5 min read

AI is rewriting work, power, and opportunity in real time. But right now, women in AI are still underrepresented in the roles that decide what gets built, how it’s deployed, and who it helps. UNESCO has put women’s share of AI professionals at around 22% globally. That gap matters because AI isn’t “neutral.” When teams, training data, and decision-making rooms skew narrow, the outputs tend to follow. UNESCO has also warned about gender bias and harms in AI systems, from stereotyping to technology-facilitated abuse.

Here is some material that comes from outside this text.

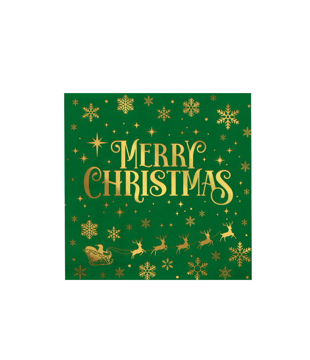 Vervollständige deinen Weihnachtstisch mit diesen grünen Servietten mit goldenen Merry Christmas Details. Die festlichen Farben und stilvollen Motive sorgen sofort für einen warmen und gemütlichen Look während der Feiertage.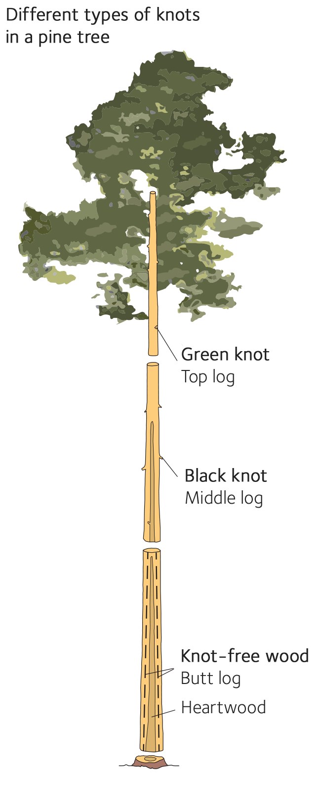 Material properties vary between the different wood species. Even within the same wood species, there are major variations between trees grown in different locations, but also between different trees grown in the same location. There is, however, even greater variation within a single tree; for example between different heights in the tree, between wood that is close to the pith and to the bark, and between springwood and summerwood in the individual growth rings. Knots and other fibre distortions (peculiarities) also affect the wood’s technical properties.

So let’s make this practical. If you’re exploring AI careers for women (or looking to support the women already doing the work), you need three things: the reality-check statistics, a clear map of roles, and real examples of leading women in AI you can learn from.

What are the best AI careers for women right now?

If you’re picturing an “AI career” as only machine learning engineer, zoom out. The fastest-growing opportunities for women in AI often sit at the intersection of domain expertise + data + AI systems thinking. AI is no longer confined to research labs – it’s embedded across finance, healthcare, climate, media, public policy, and almost every major industry.

“Women in AI” isn’t one job title. It includes builders, strategists, auditors, policymakers, and executives. That breadth is exactly where the opportunity lies.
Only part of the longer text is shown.